En effet, il résulte du certificat des 24 heures établi par le Docteur, [C] le 16/03/2026 que la patiente a été admise pour une exaltation pathologique de l’humeur concordant avec les éléments rapportés par la famille avec une forte tension interne, une familiarité, tachypsychie, un discours abondant et marqué par des idées de mégalomanie., [V], [T] est dans le déni de ses troubles et ne comprend pas pourquoi elle a été hospitalisée. Le certificat des 72 heures établi par le Docteur, [S] le 17/03/2026 mentionne le fait que la patiente a retrouvé son calme et son discours n’est plus marqué par des incohérences et des éléments délirants. Toutefois, elle se trouve toujours dans le déni de ses troubles et déclare qu’elle n’a pas besoin de soins.
L’avis médical à l’appui de notre saisine préconise le maintien en hospitalisation complète pour garantir la continuité des soins. Il est indiqué que son discours est constitué par des éléments délirants mégalomaniaques et de persecution. Elle nie ses troubles et ne comprend pas pourquoi elle doit être hospitalisée alors même que son fonctionnement psychique peut la conduire à ses mettre en danger ou à mettre en danger les autres.

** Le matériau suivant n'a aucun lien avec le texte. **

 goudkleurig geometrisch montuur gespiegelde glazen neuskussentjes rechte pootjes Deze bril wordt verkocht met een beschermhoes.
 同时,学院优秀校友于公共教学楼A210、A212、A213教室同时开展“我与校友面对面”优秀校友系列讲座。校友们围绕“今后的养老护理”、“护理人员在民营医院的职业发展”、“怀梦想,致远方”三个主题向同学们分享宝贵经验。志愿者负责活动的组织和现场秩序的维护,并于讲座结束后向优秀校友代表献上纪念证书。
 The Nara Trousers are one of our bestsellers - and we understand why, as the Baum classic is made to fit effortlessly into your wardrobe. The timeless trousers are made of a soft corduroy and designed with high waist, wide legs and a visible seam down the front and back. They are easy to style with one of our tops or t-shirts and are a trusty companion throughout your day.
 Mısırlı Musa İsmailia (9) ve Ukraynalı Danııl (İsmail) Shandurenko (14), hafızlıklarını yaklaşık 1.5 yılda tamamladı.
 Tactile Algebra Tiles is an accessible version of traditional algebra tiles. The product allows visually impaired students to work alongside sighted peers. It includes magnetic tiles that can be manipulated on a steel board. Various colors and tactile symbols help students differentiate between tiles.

Il résulte des débats qu,'[V], [T] souhaite la main-levée de la mesure en indiquant que sa pathologie est davantage le fruit d’un trouble du comportement alimentaire.

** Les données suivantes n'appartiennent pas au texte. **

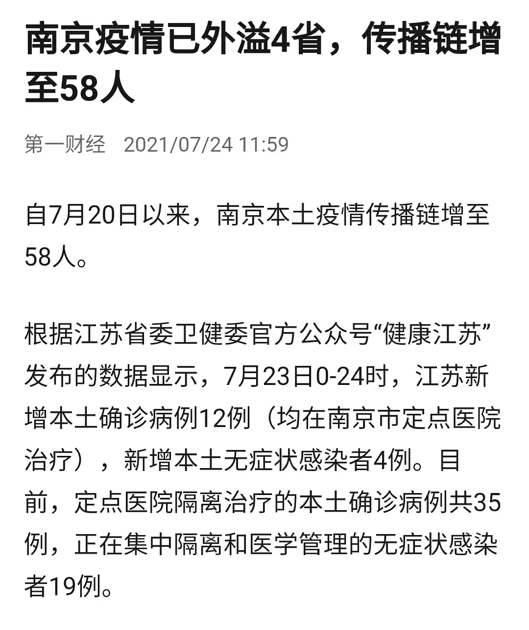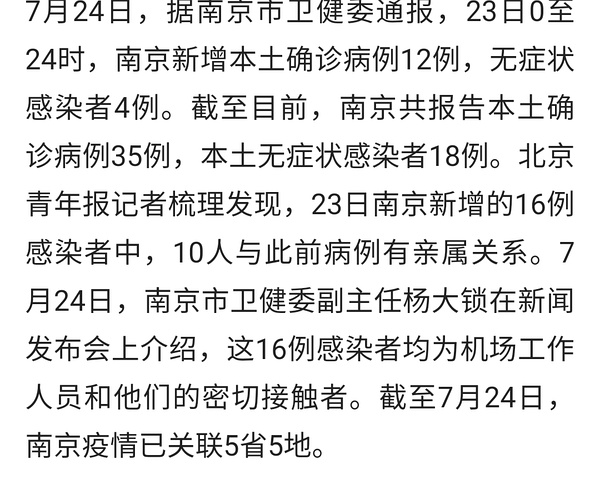 7月25日上午,江苏南京召开疫情防控新闻发布会。会上通报,7月24日0-24时,南京新增本土确诊病例2例(普通型),本土无症状感染者2例。
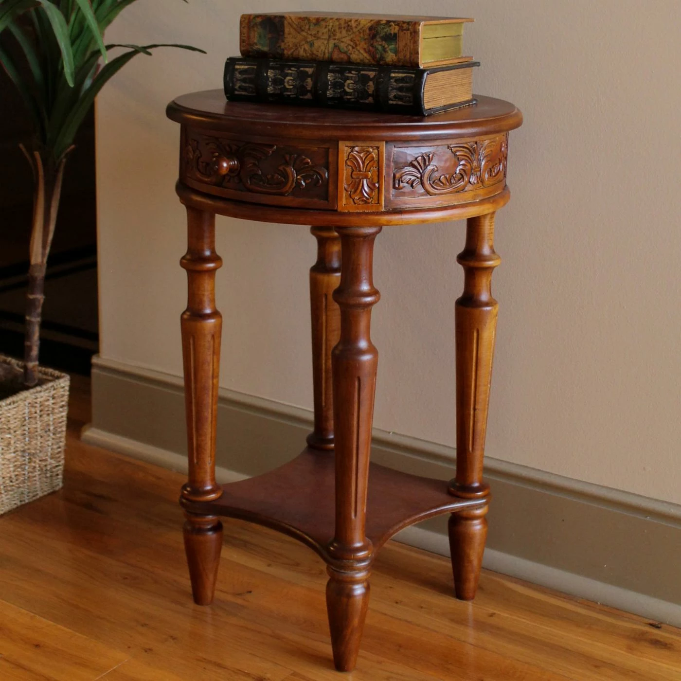 Add elegance and sophistication to even the smallest of spaces with the International Caravan Windsor Hand Carved Walnut Stain Wood Hall Table. Inspired by the ornate furniture of the 18th and 19th centuries, this hall table features hand-carved detailing along the sides and classic spindle legs. Its hardwood construction is highlighted by the rich walnut finish. Its drawer gives you a convenient place to store reading glasses, stamps, and other small items, while the top is large enough for pictures or can be left empty for a more simple look.

Toutefois les conditions de ces soins psychiatriques sous le régime de l’hospitalisation complète demeurent réunies afin de garantir la continuité des soins.
PAR CES MOTIFS
Statuant publiquement, par ordonnance réputée contradictoire, en premier ressort,
Disons que les soins psychiatriques dont, [V], [T] fait l’objet peuvent se poursuivre sous le régime de l’hospitalisation complète.

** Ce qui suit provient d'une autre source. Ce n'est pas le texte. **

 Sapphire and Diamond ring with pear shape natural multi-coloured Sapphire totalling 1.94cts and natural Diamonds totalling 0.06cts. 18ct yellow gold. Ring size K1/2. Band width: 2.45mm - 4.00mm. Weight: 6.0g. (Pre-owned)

La présente ordonnance est susceptible d’appel devant le premier président de la cour d’appel ou son délégué dans un délai de 10 jours à compter de sa notification ; en vertu de l’article 642 du code de procédure civile, le délai qui expirerait normalement un samedi, un dimanche ou un jour férié ou chômé est prorogé jusqu’au premier jour ouvrable suivant ; cet appel n’est pas suspensif, sauf s’il est interjeté par le ministère public dans les conditions de l’article L. 3211-12-4 du code de la santé publique ; il doit être formalisé par déclaration motivée avec une copie jointe de la présente ordonnance transmise :
— s’agissant des avocats du ressort de la cour d’appel de Rouen et à compter du 1er juillet 2018: via le RPVA sur l’adresse, [Courriel 1] conformément à la convention relative à la communication électronique en matière civile ;
— s’agissant des avocats hors ressort, des personnes morales, des autorités administratives et des parties : par tout moyen ou par mail à l’adresse suivante :, [Courriel 2] au greffe de la cour d’appel de Rouen sis, [Adresse 3].
L’auteur d’un recours abusif ou dilatoire peut être condamné à une amende civile et au paiement d’une indemnité à l’autre partie.